### Task details
Go through the following data and transcribe exactly the stretch of lines from the one holding "1「アグロ得²カード 登録・連携はこちら」をタップ" to the one holding "Upgrade your Harley", both included.

### Provided records
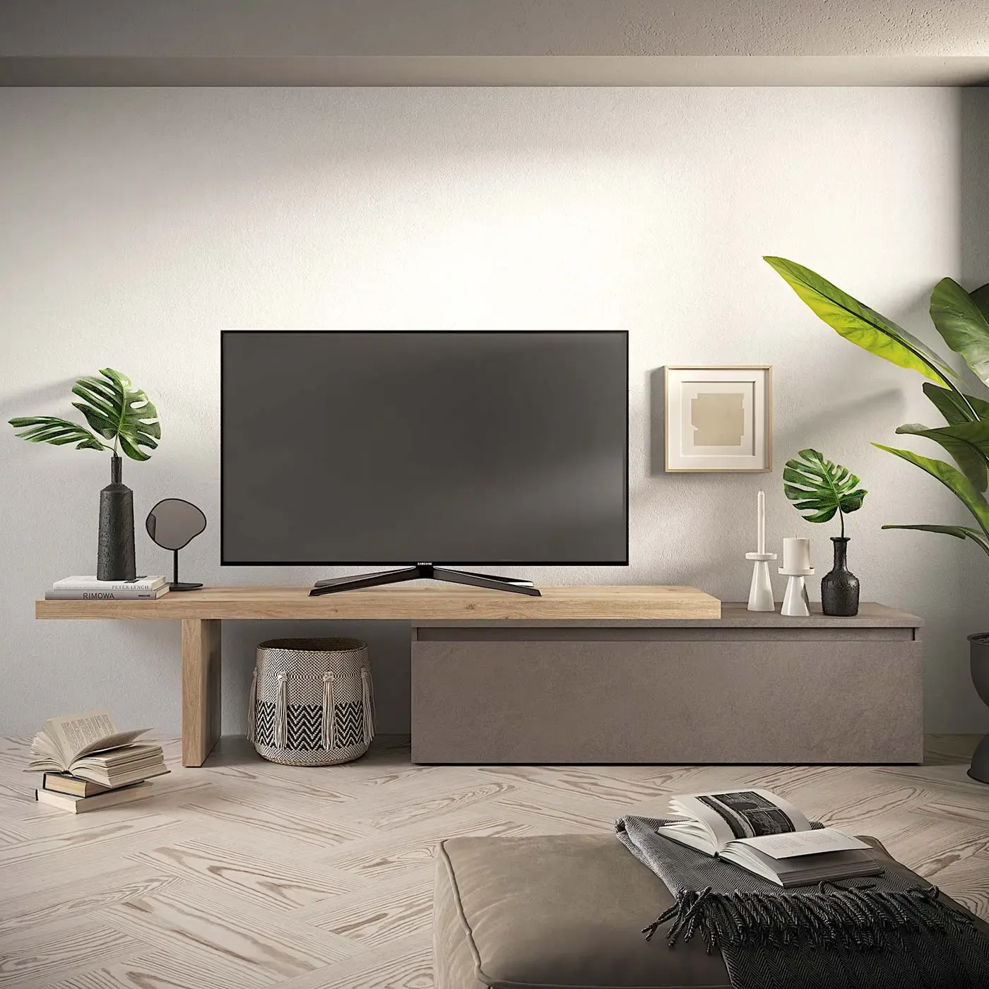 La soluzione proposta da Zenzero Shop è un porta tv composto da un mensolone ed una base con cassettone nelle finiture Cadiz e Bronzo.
* * *
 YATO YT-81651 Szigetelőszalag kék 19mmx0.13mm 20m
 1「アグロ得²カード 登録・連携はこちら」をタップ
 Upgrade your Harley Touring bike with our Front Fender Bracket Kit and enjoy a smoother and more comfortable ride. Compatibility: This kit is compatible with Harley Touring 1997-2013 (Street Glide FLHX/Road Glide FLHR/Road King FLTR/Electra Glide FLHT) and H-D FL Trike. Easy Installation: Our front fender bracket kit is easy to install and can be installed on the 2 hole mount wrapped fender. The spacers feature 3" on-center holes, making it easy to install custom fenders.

### Expected answer
 1「アグロ得²カード 登録・連携はこちら」をタップ
 Upgrade your Harley Touring bike with our Front Fender Bracket Kit and enjoy a smoother and more comfortable ride. Compatibility: This kit is compatible with Harley Touring 1997-2013 (Street Glide FLHX/Road Glide FLHR/Road King FLTR/Electra Glide FLHT) and H-D FL Trike. Easy Installation: Our front fender bracket kit is easy to install and can be installed on the 2 hole mount wrapped fender. The spacers feature 3" on-center holes, making it easy to install custom fenders.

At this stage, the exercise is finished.